Without including any image, repeat every record exactly.

○ ○ ○ ○ ○ ○ ○

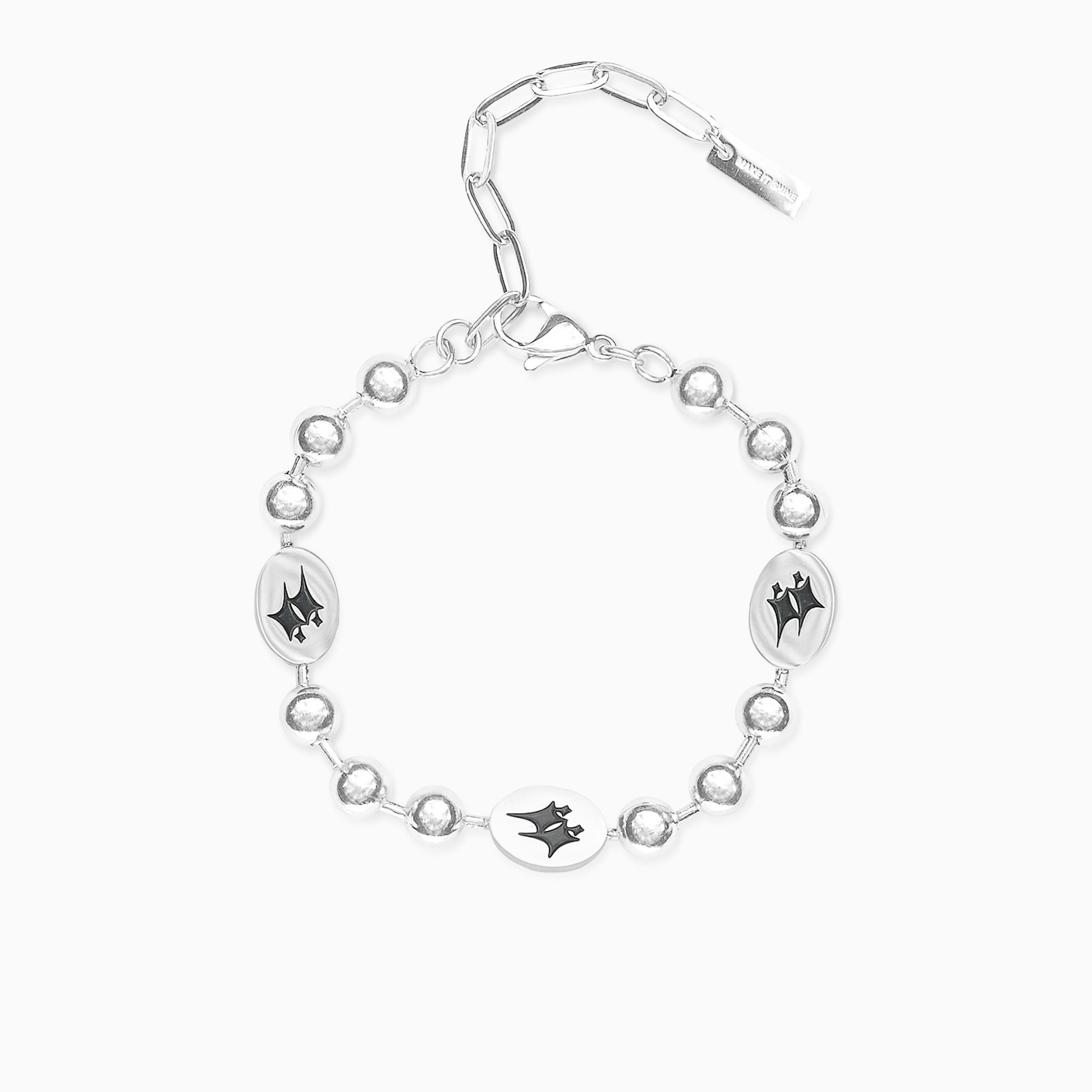 Découvrez notre bracelet Bead Link Signature, une pièce audacieuse qui revisite l’élégance classique avec une touche contemporaine. Conçu en acier inoxydable argenté, il alterne entre beads de 6 mm et pastilles décorées du double logo Make it Shine en peinture émaillée noire, signature emblématique de la Maison.
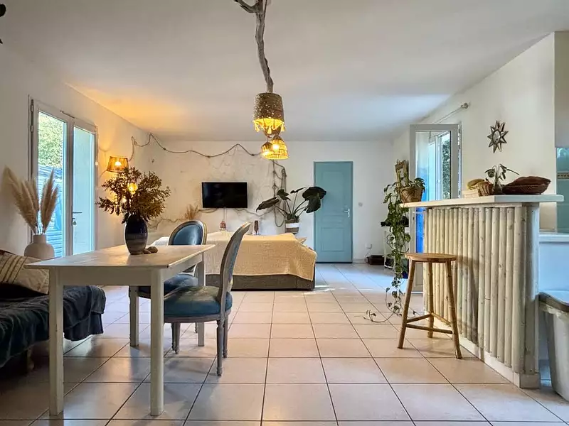 Édifiée sur un joli jardin paysager, elle se compose de deux chambres lumineuses, d'une pièce de vie chaleureuse et d'une décoration soignée, pleine de personnalité. Chaque détail a été pensé pour créer une atmosphère cosy et accueillante, idéale pour les vacances comme pour y vivre à l'année.
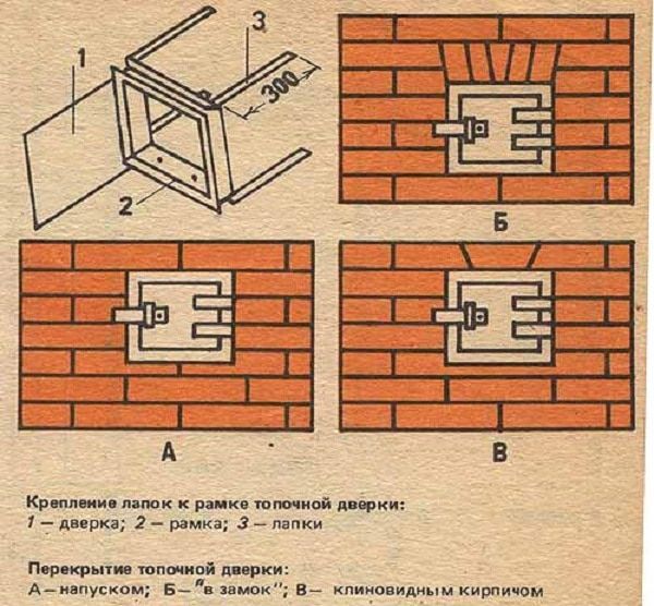 - За първите четири реда е необходима червена тухла. Като свързващо вещество се използва глинен разтвор. Монтира се чугунена врата за пепелник.
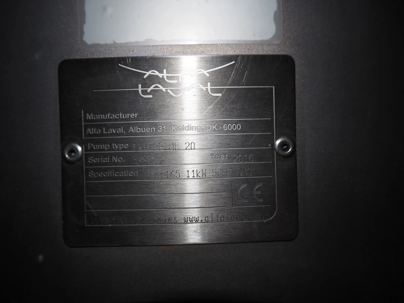 Alfa Laval centrifugal pump, type: LKH PRIME 20, serial number: 199212, year of construction: 2016, 11 kW, dimensions: 1000 mm x 500 mm x 500 mm.
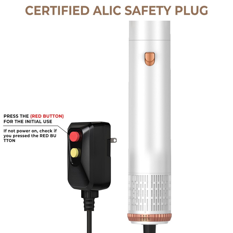 - [SAFETY FIRST] - We prioritize safety with an NTC feedback system, a bi-metal thermal switch, and an irreversible fuse. The hot air brush offers a quick cooling function by double-clicking the temperature button. Comes with heat-insulating gloves in case of burns. The air styler for hair curling with an Ergonomic button design, concentrated on the upper part of the body, prevents accidental clicks, also we added an ALCI plug to this hair-drying brush.

○ ○ ○ ○ ○ ○ ○

Result —
 Découvrez notre bracelet Bead Link Signature, une pièce audacieuse qui revisite l’élégance classique avec une touche contemporaine. Conçu en acier inoxydable argenté, il alterne entre beads de 6 mm et pastilles décorées du double logo Make it Shine en peinture émaillée noire, signature emblématique de la Maison.
 Édifiée sur un joli jardin paysager, elle se compose de deux chambres lumineuses, d'une pièce de vie chaleureuse et d'une décoration soignée, pleine de personnalité. Chaque détail a été pensé pour créer une atmosphère cosy et accueillante, idéale pour les vacances comme pour y vivre à l'année.
 - За първите четири реда е необходима червена тухла. Като свързващо вещество се използва глинен разтвор. Монтира се чугунена врата за пепелник.
 Alfa Laval centrifugal pump, type: LKH PRIME 20, serial number: 199212, year of construction: 2016, 11 kW, dimensions: 1000 mm x 500 mm x 500 mm.
 - [SAFETY FIRST] - We prioritize safety with an NTC feedback system, a bi-metal thermal switch, and an irreversible fuse. The hot air brush offers a quick cooling function by double-clicking the temperature button. Comes with heat-insulating gloves in case of burns. The air styler for hair curling with an Ergonomic button design, concentrated on the upper part of the body, prevents accidental clicks, also we added an ALCI plug to this hair-drying brush.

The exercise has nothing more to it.